If goofs, gaffes were punishable!

Aisha Huang and Yaw Osafo Maafo Aisha Huang and Yaw Osafo Maafo

Every society has its season of goofs and gaffes. Some of them, whiles serious, are mere annoyances that cost us next to nothing.

In Kwame Nkrumah (now Nsein) Senior High School in the 1960s, such speakers were accused of “opening their buccal cavity to any convenient radius and dissecting any volume of words”.

However, like the “Stop whining” statement attributed to Deputy Minister of Trade in his tirade against diaspora Ghanaians in July 2017, this category of irresponsible statements can be left at the level of gaffes and promptly forgiven – especially when the gentleman apologised.

Others, though high profiled, come only as irritants. Such as many statements attributed to former Presidents Jerry Rawlings (whose speeches were almost always followed later with “further clarifications” by his PR outfit) and John Mahama (especially when he, as President, was out of town), this category of speeches are, at the worst, treated as annoyances and forgotten.

A few, such as Senior Minister Yaw Osafo-Maafo’s statement about the Chinese galamsey queen-pin, Aisha Huang, leave an entire country completely speechless, wondering whether we are suffering from an anaemia of wise men.

There is a fourth category which are completely intolerable were they not so dangerous. I am referring to such statements as the “We know where the kidnapped girls are”, by Director General of Police CID, COP Maame Yaa Tiwaa Addo-Danquah. Because they border on national security, they are no longer gaffes: they are dangerous, so dangerous that in other societies where office holders hold themselves accountable to the people, those who utter them would be expected to resign honourably.

In a country where all government appointees are making regrettable statements, how are we supposed to treat Cecilia Abena Dapaah’s “correction” of the President’s timeline for making Ghana, the cleanest city in Africa.

For readers who have just dropped out of Mars, a background to all of the above is called for.

On April 2, 2019, COP Addo-Danquah announced that the Police had established the whereabouts of the three Takoradi girls who were kidnapped last year in the Western Region.

At a news conference, she said that Priscilla Koranchie, 15, Ruth Love Quayson, 18, Priscilla Blessing Bentum, 21, “are safe”; that “we know where they are and they are safe.”

Pressed for details, however, she replied that “I’m unable to give the details because we don’t want to compromise their safety.”

Compromise? The moment she said that, I knew instinctively that any sensible gang of kidnappers would know by this public announcement that their cover had been blown. I believed her when she said the police knew their whereabouts, but I also knew that the girls might never be found if the police did not already have the hide-out sealed.

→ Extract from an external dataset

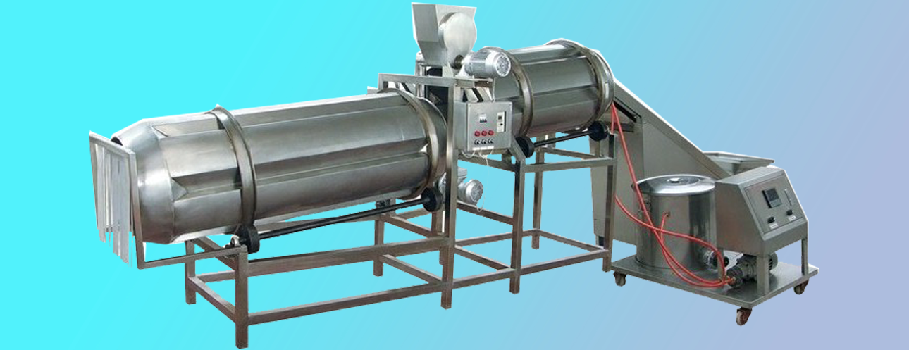 設(shè)備組成:中提升機(jī)、雙滾筒調(diào)味機(jī)、噴油機(jī)

Do we have any idea what we are doing to the bowels of these girls’ parents and siblings? To the Police Administration, I say, this is not one of the situations in life when silence is golden. Ghana insists on being told why our Chief Spy in the Police made such an unpardonable professional blunder and what is being done to her.

Talking about high profile utterances, I honestly do not know where and how to place the statement by Sanitation Minister that the President’s promise to make Ghana the cleanest country in Africa will come to pass at the end of his second term in office. With Ministers like this, the President does not need political enemies.

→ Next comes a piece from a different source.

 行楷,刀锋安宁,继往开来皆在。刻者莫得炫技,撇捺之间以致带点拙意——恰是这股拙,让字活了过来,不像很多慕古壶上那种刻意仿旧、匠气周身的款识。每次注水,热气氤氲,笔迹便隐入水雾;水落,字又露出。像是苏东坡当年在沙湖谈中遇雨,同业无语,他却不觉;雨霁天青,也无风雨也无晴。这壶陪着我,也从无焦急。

Sanitation, as an issue, is turning out to be in the same category as our intractable exchange rate national challenge. If, as a Minister or government, you don’t find out the root cause of the problem, the piles and carpets of garbage everywhere will expose you. Ask John Evans Atta Mills – if the dead had a tongue. He lost his “100 Days” war against sanitation in the most ignominious fashion.

There is one Ghanaian politician for whom my admiration never diminishes. That is Mr Osafo-Maafo. With performers like him in your corner, you can, as we say in Ghana, “go to sleep”.

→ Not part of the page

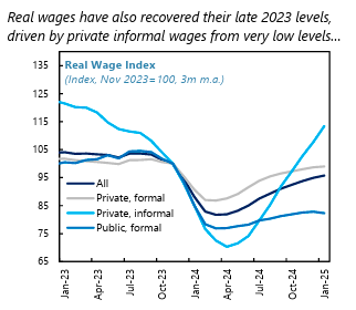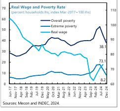 The inflation rate has fallen from 300% a year to around 50% (still high). But that has meant a rise in real wages in the last half of 2024, taking the average back to the end of 2023. But during the whole of 2024, average real wages still fell 12% and public sector workers took a hit of 20% with 30% for informal workers without rights etc. The rise since mid-2024 is entirely due improved incomes for informal workers in the private sector; public sector waged workers are still down 20%, private sector workers are down 5% – and all workers are still worse off than at the beginning of 2023.

So why is a man with such an impressive track record so uncharacteristically walking away from the image I have of him over the years?

In a video recording of his town hall meeting in America, he is heard justifying government’s decision to deport the Chinese galamsey queen, Aisha Huang.

“Today, the main company that is helping develop the infrastructure system in Ghana is Sinohydro, it is a Chinese company. It is the one that is going to help process our bauxite and provide about two billion dollars to us…. Putting that lady (Aisha) in jail in Ghana is not going to solve your economic problems."

Eishh!

When governments are silent over very regrettable statements by its appointees, such as the one attributed to Ghana’s High Commissioner to South Africa, George Ayisi Boateng — saying that “My topmost priority is the problems of an NPP person before any other Ghanaian,” — irresponsible talk gets elevated to the level of a culture.

As a Ghanaian above 30, I know that none of the state appointees mentioned above will ever resign honourably. They will say it again given the next opportunity because they know nobody will touch them.

But our children are listening and watching.